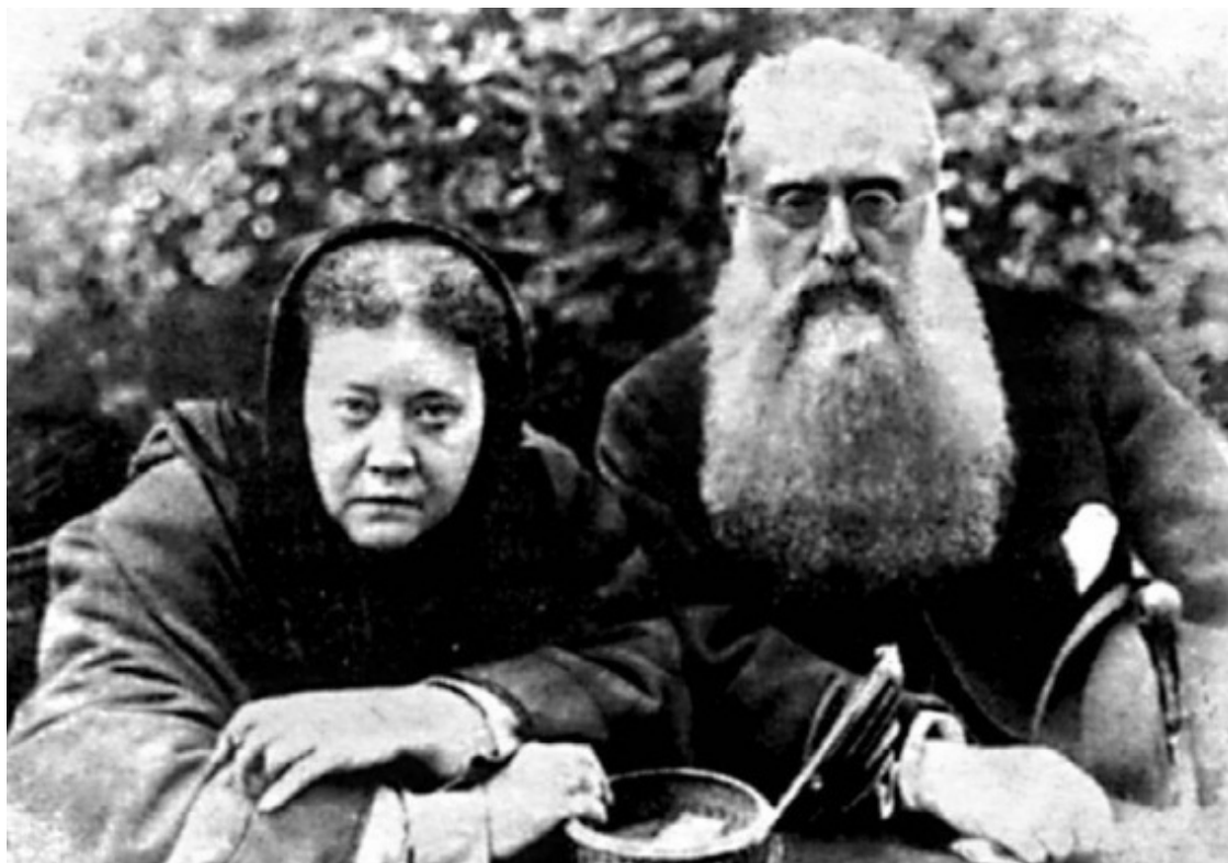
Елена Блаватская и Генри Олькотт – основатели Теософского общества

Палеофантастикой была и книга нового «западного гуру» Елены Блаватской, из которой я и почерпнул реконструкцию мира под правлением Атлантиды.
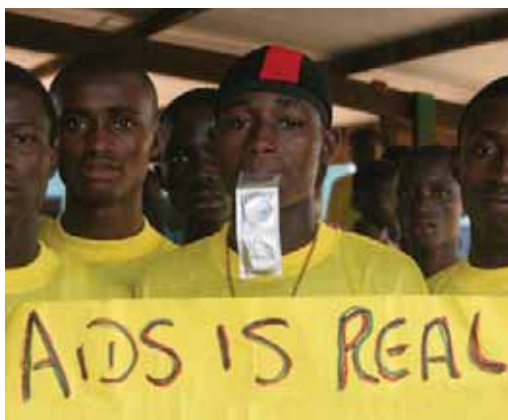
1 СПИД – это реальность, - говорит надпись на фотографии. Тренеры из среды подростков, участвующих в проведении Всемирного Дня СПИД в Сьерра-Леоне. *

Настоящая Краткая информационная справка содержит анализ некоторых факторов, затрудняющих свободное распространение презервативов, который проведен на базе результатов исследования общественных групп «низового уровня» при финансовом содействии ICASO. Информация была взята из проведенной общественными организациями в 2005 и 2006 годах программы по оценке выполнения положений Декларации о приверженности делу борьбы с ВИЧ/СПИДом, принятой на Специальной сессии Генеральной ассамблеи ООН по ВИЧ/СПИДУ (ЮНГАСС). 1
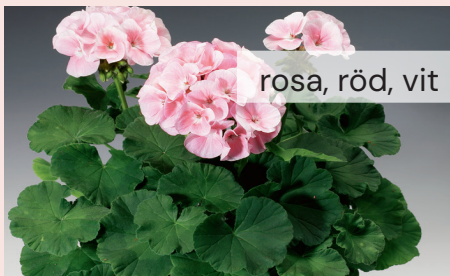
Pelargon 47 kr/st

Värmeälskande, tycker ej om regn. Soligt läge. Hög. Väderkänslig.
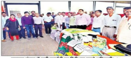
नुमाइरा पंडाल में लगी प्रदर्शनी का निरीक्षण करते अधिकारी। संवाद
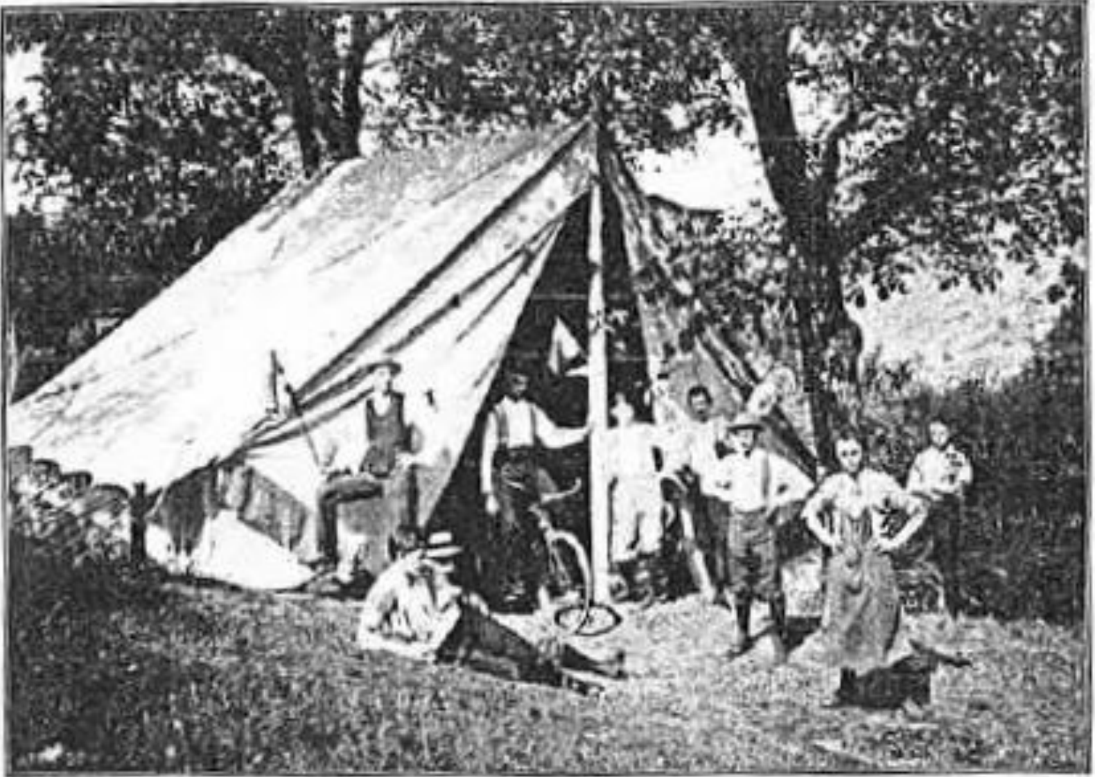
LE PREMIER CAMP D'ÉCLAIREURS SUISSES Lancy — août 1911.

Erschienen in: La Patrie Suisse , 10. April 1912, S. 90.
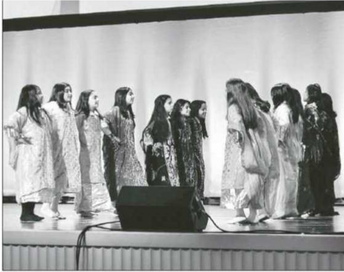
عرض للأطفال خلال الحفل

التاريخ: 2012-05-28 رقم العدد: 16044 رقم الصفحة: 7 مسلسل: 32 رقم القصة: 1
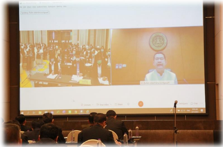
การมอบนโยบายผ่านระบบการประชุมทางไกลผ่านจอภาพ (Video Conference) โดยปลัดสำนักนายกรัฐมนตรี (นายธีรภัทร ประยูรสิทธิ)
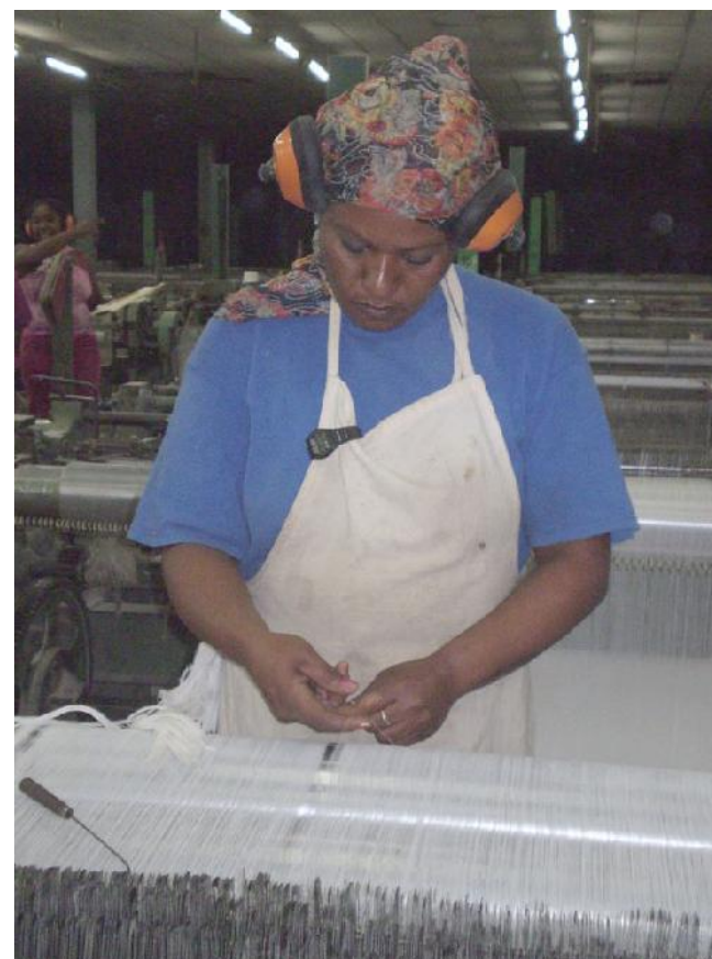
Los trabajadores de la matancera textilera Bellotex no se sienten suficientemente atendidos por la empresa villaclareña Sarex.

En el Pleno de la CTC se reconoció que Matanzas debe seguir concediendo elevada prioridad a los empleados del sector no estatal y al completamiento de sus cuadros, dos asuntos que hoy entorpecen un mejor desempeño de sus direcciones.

Directions for this task:
Given the records above, return the lines starting at the one that holds "Палеофантастикой была и" and ending at the one that holds "การมอบนโยบายผ่านระบบการประชุมทางไกลผ่านจอภาพ (Video Conference)", exactly, and nothing besides; leave every picture out.

Solution below:
Палеофантастикой была и книга нового «западного гуру» Елены Блаватской, из которой я и почерпнул реконструкцию мира под правлением Атлантиды.
1 СПИД – это реальность, - говорит надпись на фотографии. Тренеры из среды подростков, участвующих в проведении Всемирного Дня СПИД в Сьерра-Леоне. *

Настоящая Краткая информационная справка содержит анализ некоторых факторов, затрудняющих свободное распространение презервативов, который проведен на базе результатов исследования общественных групп «низового уровня» при финансовом содействии ICASO. Информация была взята из проведенной общественными организациями в 2005 и 2006 годах программы по оценке выполнения положений Декларации о приверженности делу борьбы с ВИЧ/СПИДом, принятой на Специальной сессии Генеральной ассамблеи ООН по ВИЧ/СПИДУ (ЮНГАСС). 1
Pelargon 47 kr/st

Värmeälskande, tycker ej om regn. Soligt läge. Hög. Väderkänslig.
नुमाइरा पंडाल में लगी प्रदर्शनी का निरीक्षण करते अधिकारी। संवाद
LE PREMIER CAMP D'ÉCLAIREURS SUISSES Lancy — août 1911.

Erschienen in: La Patrie Suisse , 10. April 1912, S. 90.
عرض للأطفال خلال الحفل

التاريخ: 2012-05-28 رقم العدد: 16044 رقم الصفحة: 7 مسلسل: 32 رقم القصة: 1
การมอบนโยบายผ่านระบบการประชุมทางไกลผ่านจอภาพ (Video Conference) โดยปลัดสำนักนายกรัฐมนตรี (นายธีรภัทร ประยูรสิทธิ)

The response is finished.